Sometimes I get on his and mine at the same time and fight with myself because I absolutely cannot get him to fight with me at home. I’ve tried. A lot.
You read my blog, and you probably have never met me. Which is cool because I’m crazy intimidating in person. The ratio of people who have met me who read my blog to people who haven’t is slowly tipping in the stalkers favor. Which makes me happy also because you won’t ask me to watch your kids. I would be able to give you a scientific number- but only 48 of you “follow” this blog publicly. I wish I could get more of you to come out of the closet. Unless the 48 of you are all coming five times a day. Then my stats would totally make sense. If you follow me, I’ll follow you. That’s how you know this isn’t a cult. Yet.
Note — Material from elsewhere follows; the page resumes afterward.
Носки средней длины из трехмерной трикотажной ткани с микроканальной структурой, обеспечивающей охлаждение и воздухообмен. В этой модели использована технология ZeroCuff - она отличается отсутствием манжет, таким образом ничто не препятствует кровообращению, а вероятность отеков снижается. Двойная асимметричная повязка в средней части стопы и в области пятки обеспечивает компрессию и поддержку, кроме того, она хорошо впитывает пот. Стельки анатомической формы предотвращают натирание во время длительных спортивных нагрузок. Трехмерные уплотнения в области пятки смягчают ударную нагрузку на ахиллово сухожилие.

I wouldn’t mind an opossum. Mostly because I like shaking my fist and yelling, “POOOSSSSUUUMMMM!” and lately, I’ve only been able to do that at the dead ones in the road. Every couple of years about this time, the possoms start throwing themselves in front of cars. Do you wonder if it has anything to do with people announcing their candidacy for the next presidential election? Probably not, but I wouldn’t discount it. If this is what happens when Trump says he’s thinking about it, could you imagine what’s going to happen when Palin finally commits?
I think about sharks a lot.
So now one of us will have a blog that makes some sort of sense. We have separate computers, why not have separate blogs, right? We’re totally on our way to having our own twin beds. Which would be so awesome because they don’t make the sheets I want in anything but twin size. Guess which kind.